Abstract

Environmental context. Chronic wasting disease (CWD) and other ‘prion’ diseases tend to cluster geographically, a characteristic that may indicate environmental risk factors, yet the biogeochemical features of regions with high prion disease incidence have rarely been investigated. This study, presenting soil, water and forage trace element analyses for a CWD cluster in Wisconsin, suggests that trace metal toxicity is unlikely to be a disease factor, but further indicates that willow browse could present a risk for copper deficiency in deer owing to high foliar sulfur concentrations. As copper deficiency leads to impaired immune function, it is hypothesised that the risk for CWD could be increased in environments where deer browse willow heavily. Abstract. In an effort to determine whether incidence of chronic wasting disease (CWD) in wild cervids is linked to biogeochemical risk factors of affected regions, soils, plants and surface waters in the Mt Horeb, Wisconsin CWD cluster were sampled and analysed for trace metals as well as major elements. The results revealed normal (relatively low) levels of trace metals in the soils, water and most plants, with no evidence of widespread heavy metal contamination in this region. It was concluded that incidence of CWD in Mt Horeb is unlikely to be linked to abnormally high concentrations of potentially zootoxic metals, including Pb, Zn, Cd or Mn, in soils waters or forages of the region.

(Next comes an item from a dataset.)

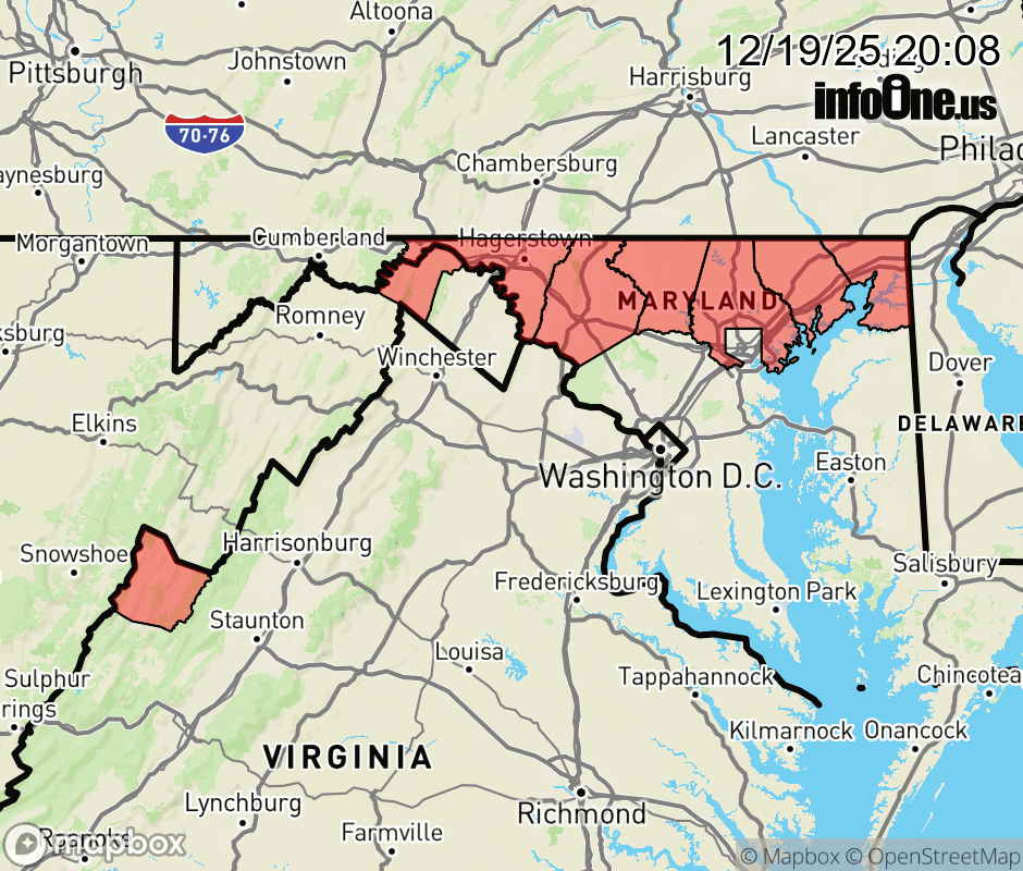 Canceled 12/19/25 9:42 PM Wind Advisory issued December 19 at 8:07PM EST until December 19 at 10:00PM EST by NWS Baltimore MD/Washington DC * WHAT... West winds 20 to 25 mph with gusts up to 50 mph. * WHERE... Portions of north central, northeast, northern, and western Maryland, western Virginia, and panhandle West Virginia. * WHEN... Until 10 PM EST this evening. * IMPACTS... Gusty winds will blow around unsecured objects. Tree limbs could be blown down and a few power outages may result. ![]() |

However, shrub willow, a common browse plant in the area, had high S levels in its leaves compared with other potential forage plants. Bioaccumulation of S was species-specific, with one willow species in particular (Salix exigua) having high foliar S in comparison with other species both in controlled greenhouse experiments as well as in the field near Mt Horeb. The willow S concentrations in the Mt Horeb CWD locus, averaging in excess of 4500 mg kg–1 in 2003 and remaining high in 2004, were high enough to have contributed to hypocuprosis in deer, and possibly to have caused polioencephalomalacia (PEM). It is hypothesised that conditions favourable to intensive deer browsing on shrub willow may exist periodically in Mt Horeb, leading to hypocuprosis and increased susceptibility to CWD.